How do you find a roman numeral equivalent of an integer. Is there a java library which provides this capability?

I did find a similar question, but I would prefer an out of the box API abstraction for this issue. Its just painful to handle all possible combinations in your code.
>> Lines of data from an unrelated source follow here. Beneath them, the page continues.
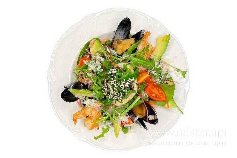 Мікс морепродуктів (бейбі восьминіг, креветки, кальмар, м`ясо мідій та мідії в мушлі),авакадо, чука, кунжут, пармезан рукола, шпинат, томати чері, соус гренадиновий.
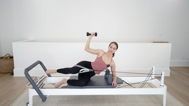 A fun, mostly lower body workout with some cardio moves sprinkled in to build up the heat. Reformer level 2
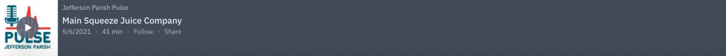 On this episode of the Jefferson Parish Pulse, we interview Jennifer Perkins and Andrew Blackwell, a sister-brother duo who co-own and operate multiple Main Squeeze Juice Co. franchise locations in the Greater New Orleans are. JEDCO provided Jennifer and Andrew with a JEDgrow Loan, giving them the financial backing they needed to open their first location in Metairie. Now, they’re running four locations with another one set to open later this year!

Logroll answered 13/10, 2010 at 8:21 Comment(6)
There are hundreds of code samples for that on the internet. Why do you ask for that in a forum instead of using google?Met
It isn't painful, it is a very good introduction to Test Driven Development.Domain
Code samples, yes. Standard libraries, no. The question is perfectly valid.Clo
If you are just looking for a library, then this has nothing to do with math.Alphanumeric
I guess nobody bothers to create a library because there are so many code samples. Given the choice between adding another dependency and just copy-pasting some code, most people would probably choose the second.Paderewski
My guess is that nobody bothers because ... hardly any real applications need to do roman number conversion. Only homework questions, lame job interview questions and websites whose real purpose is to attract clicks for advertising revenue. (And the latter are probably coded in PHP ...)Consideration
T
13

Here is a link for many languages including Java. Here's an extract of relevance:

public class RN {

    enum Numeral {
        I(1), IV(4), V(5), IX(9), X(10), XL(40), L(50), XC(90), C(100), CD(400), D(500), CM(900), M(1000);
        int weight;

        Numeral(int weight) {
            this.weight = weight;
        }
    };

    public static String roman(long n) {

        if( n <= 0) {
            throw new IllegalArgumentException();
        }

        StringBuilder buf = new StringBuilder();

        final Numeral[] values = Numeral.values();
        for (int i = values.length - 1; i >= 0; i--) {
            while (n >= values[i].weight) {
                buf.append(values[i]);
                n -= values[i].weight;
            }
        }
        return buf.toString();
    }

    public static void test(long n) {
        System.out.println(n + " = " + roman(n));
    }

    public static void main(String[] args) {
        test(1999);
        test(25);
        test(944);
        test(0);
    }

}
Tranquillize answered 13/10, 2010 at 8:26 Comment(3)
God, this is ugly code. Unfortunately it's probably the most efficient solution (+1).Clo
Thats not ugly, was s**t scared, expecting some regex mumbo-jumbo. The problem is with the variable naming!Ecospecies
You can just tell that they only wrote "weigth" because they actually pronounce it "weight'th". I almost don't disapprove.Courtenay
P
9

This is the code I am using, right next to the excel column name converter. Why isnt there an apache library for this stuff?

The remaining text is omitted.